Water was used as working fluid instead of blood (or a blood analogue fluid). In reality, the patient’s vessels are, at least in the beginning of the treatment, filled with blood that is approximately four times more viscous than water or a water-like drug solution. At the beginning of the infusion, it would be more difficult to bring drug into the small vessels filled with the more viscous blood. The longer the process is going on, the intramyocardial pump effect will reduce the effective viscosity by mixing the blood with water-like drug solution. To further assess the effect of blood viscosity, experiments with a blood analogue must be performed.

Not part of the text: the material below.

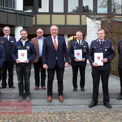 Am heutigen Dienstag fand im Landratsamt Cham die Ernennung durch Landrat Franz Löffler statt. Mit dabei waren neben dem scheidenden und dem neuen Kreisbrandmeister des Bereichs 3/2 der Kreisbrandrat Michael Stahl, Kreisbrandinspektor Marco Greil, sowie der Bürgermeister der Gemeinde Schorndorf Max Schmaderer. Neben der Neubesetzung des Kreisbrandmeisters wurden zum 1. März 2022 mit Richard und Martin Kreuzer auch zwei Fachberater PSNV für die FüGK und die ÖEL im Katastrophenschutz ernannt.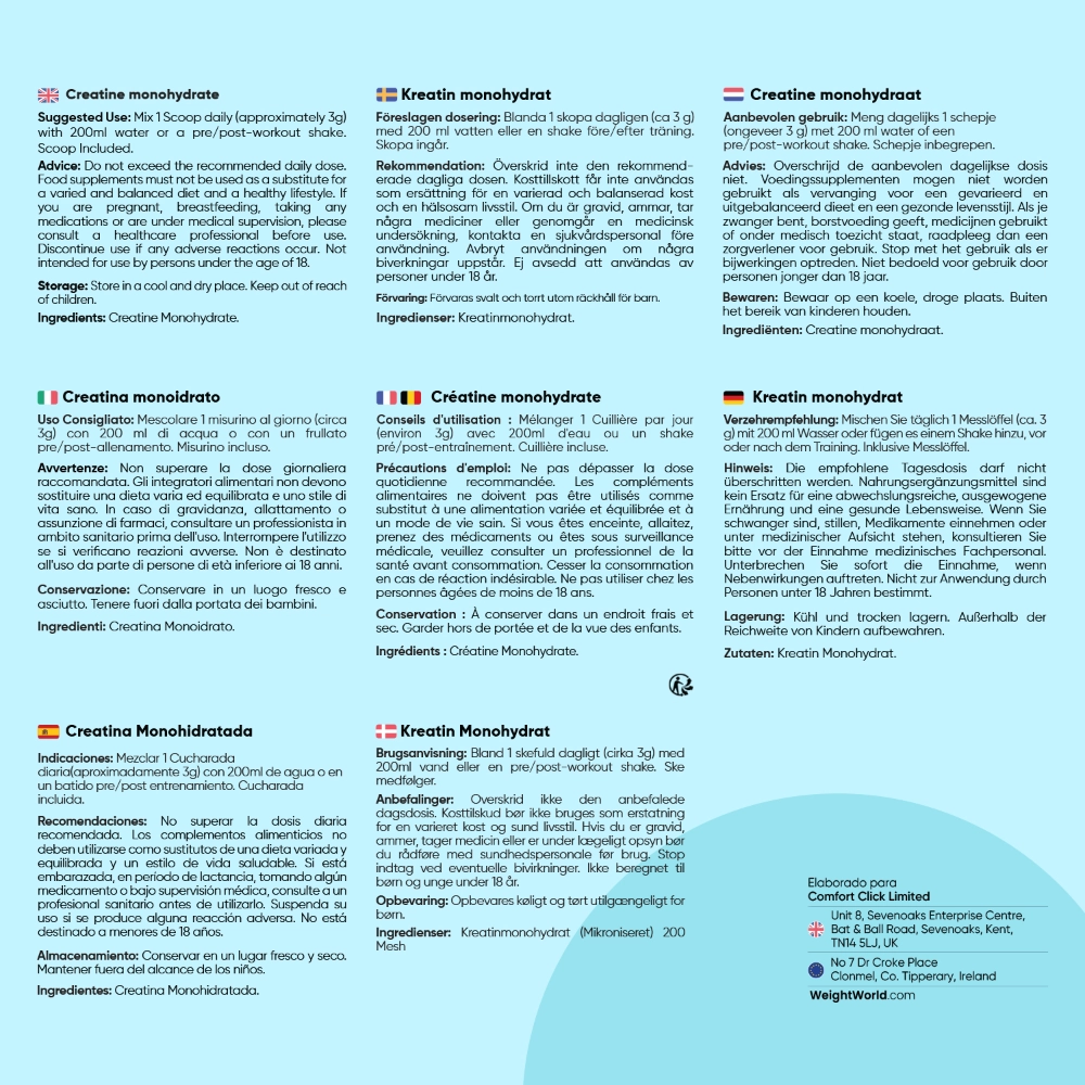 La Creatina Monohidrato en polvo está avalada por WeightWorld, tu marca de confianza presente en el mercado desde el año 2006. Más de 15 años de historia garantizan la máxima calidad de todos nuestros suplementos y productos, formulados con ingredientes de origen natural y sin OGM. Conoce las características más destacadas de este suplemento:

The performed infusion algorithm was simple and designed in a way to see the effects of the infusion phase and the balloon-holding phase separately. It is necessary to further study the influence of the infusion flow rate, the timepoint of balloon inflation as well as the duration of the balloon occlusion. It is possible that more efficient infusion algorithms can be identified. At the same time, the total balloon occlusion time should not be too long to not risk formation of new thrombi or oxygen-deficiency in the distal tissue.

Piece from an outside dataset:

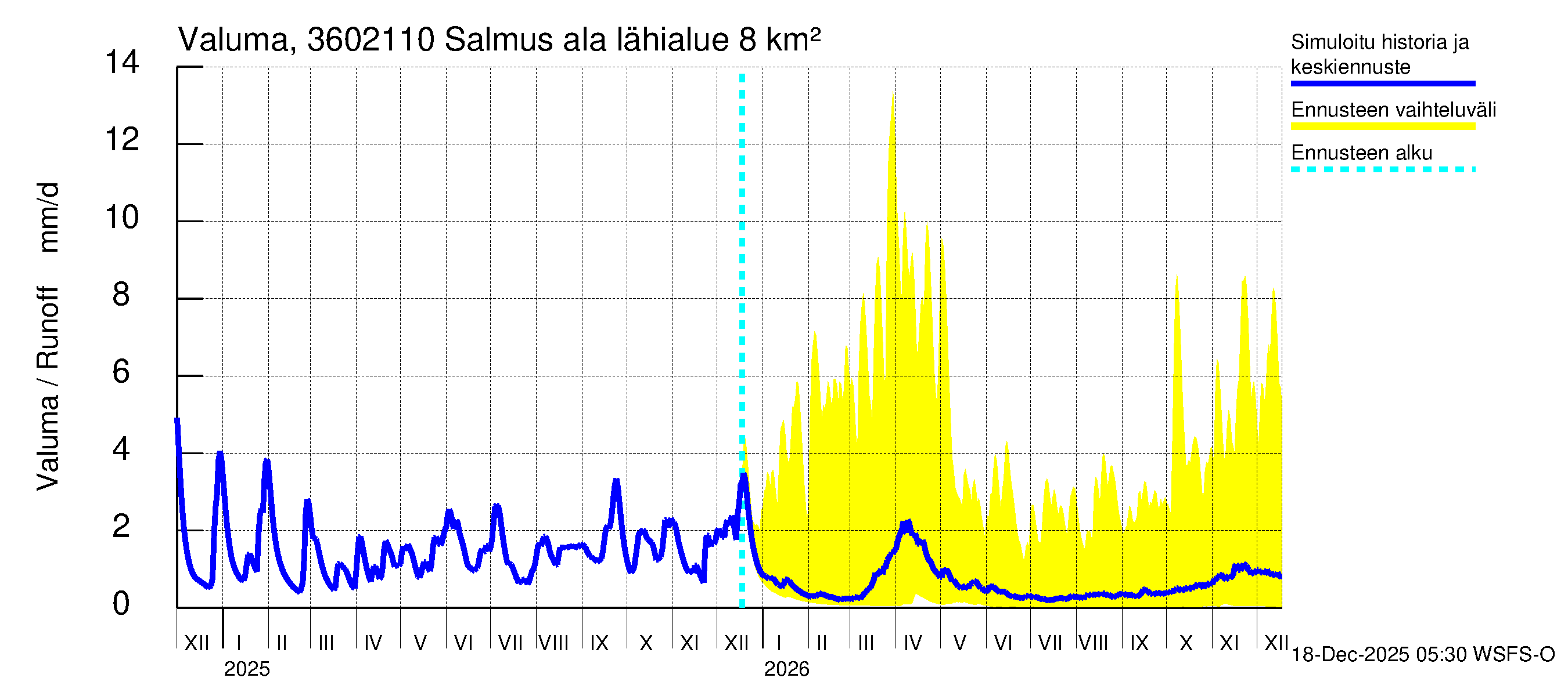 Asiantuntijan työpöytä > Karvianjoen vesistöalue > Salmus ala > Lähivaluma-alue Ennustekuvien tulkinta

The used microfluidic chip and MVO model had their limitations. The channels on the microfluidic chip were rigid and microvascular compliance was modelled by the distal RC elements. Ad-hoc tests without distal RC elements strongly reduced the distal compliance, such that there was almost no dye transport into the MVO-affected regions. Therefore, we believe that the RC elements are important to model the vascular compliance in the MVO-affected regions and that this distal compliance has a direct effect on the drug transport by mixing.

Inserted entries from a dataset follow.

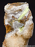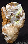 Silica rich matrix with Quartz crystals and areas of bright yellow Karpatite. Karpatite is an uncommon organic mineral, which is also fluorescent.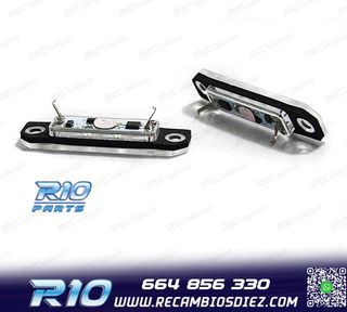 Soporte para la luz de matrícula de Opel Combo del año 2001. - Pieza de plástico negro. - Incluye dos luces con carcasa transparente. - Cables de conexión adjuntos.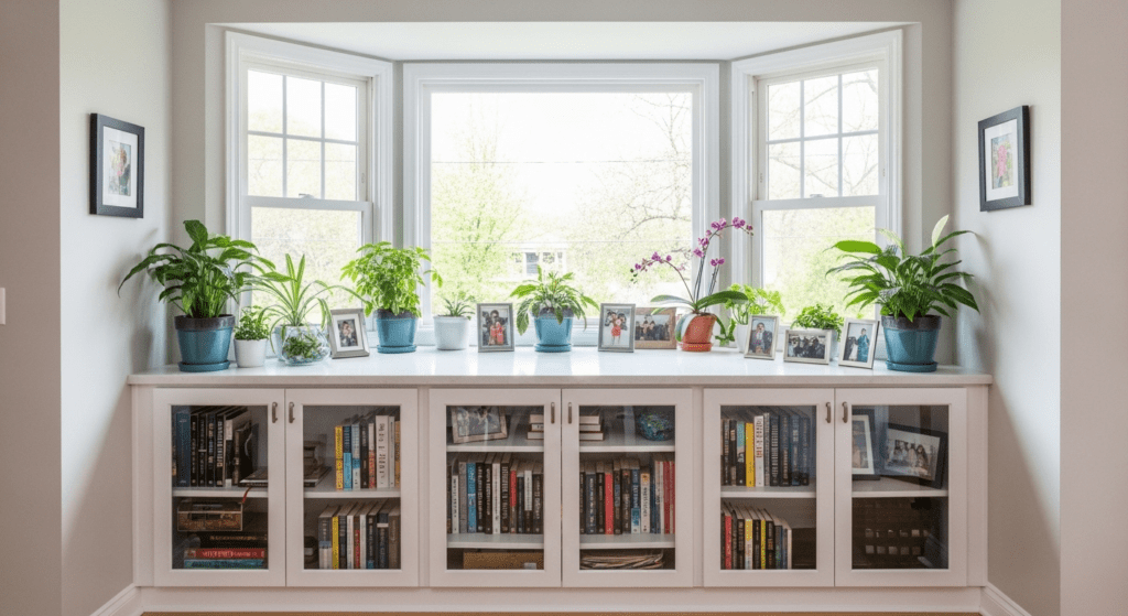 Install built-in cabinets with glass doors along the lower portion of the bay window, providing storage for books, board games, serving pieces, or media items. Top the cabinets with a continuous countertop that serves as a display surface for plants, decorative objects, or family photos. The upper portion remains open to windows for natural light.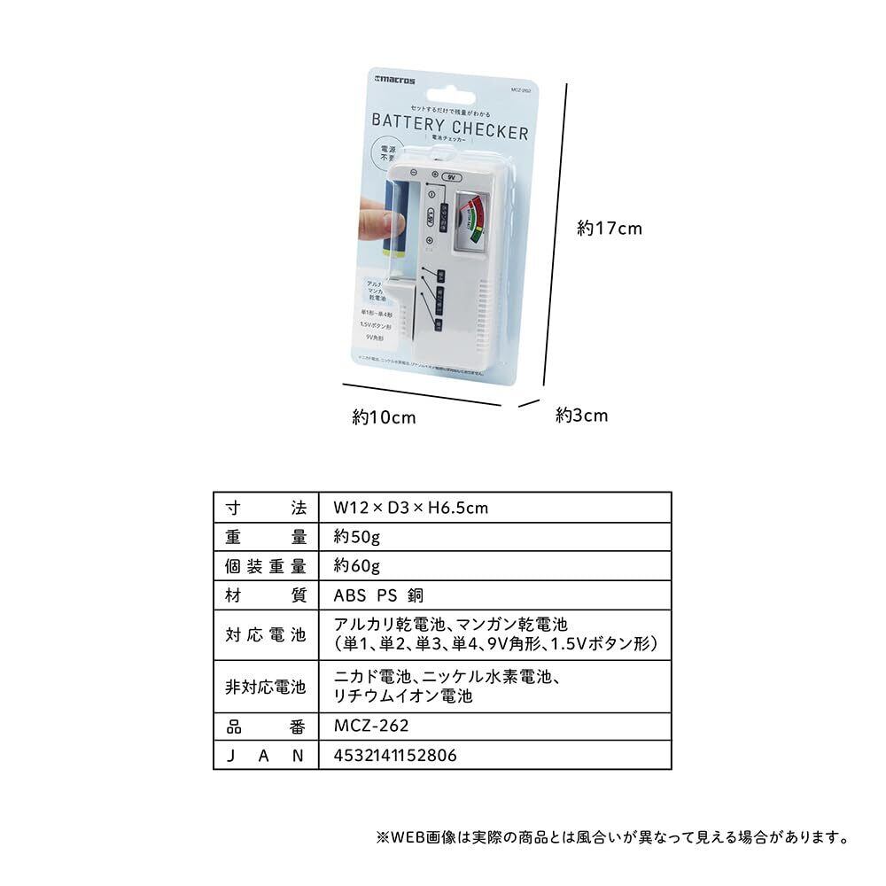 寸法:W12×D3×H6.5cm、 重量:約50g、 個装重量:約60g、 材質:ABS PS 銅、 対応電池:アルカリ乾電池、マンガン乾電池、 :(単1、単2、単3、単4、9V角形、1.5Vボタン形)、 非対応電池:ニカド電池、ニッケル水素電池、リチウムイオン電池、

Finally, the MVO was introduced by distally blocking the channels instead of creating single blocked channels, mimicking local emboli. Therefore, our model represents only the situation slightly proximal to the actual emboli. This is still relevant because chances of drug reaching single occluded vessels will also rise by increased drug concentration in proximal parts of the microvascular network. Real MVO may be more complex (e.g. semi-permeable) and located at various levels within the microvascular tree or even blocking vascular bifurcations. Therefore, experiments with local obstructions in the chip (e.g. by small thrombi) should be performed.

Conclusion

The results show that the application of an occlusion-infusion catheter for the intracoronary drug administration leads to a clear improvement compared to a simple intracoronary administration of the same amount of drug. It was possible to show that the maximal concentration \(c_{{{\text{max}}}}\) as well as the final cumulated dose \(D_{{{\text{fin}}}}\) increase by a factor of 2.2–3.2 and 4.6–5.2, respectively. The translation of these results to the catheter lab may result in more effective treatment of MVO.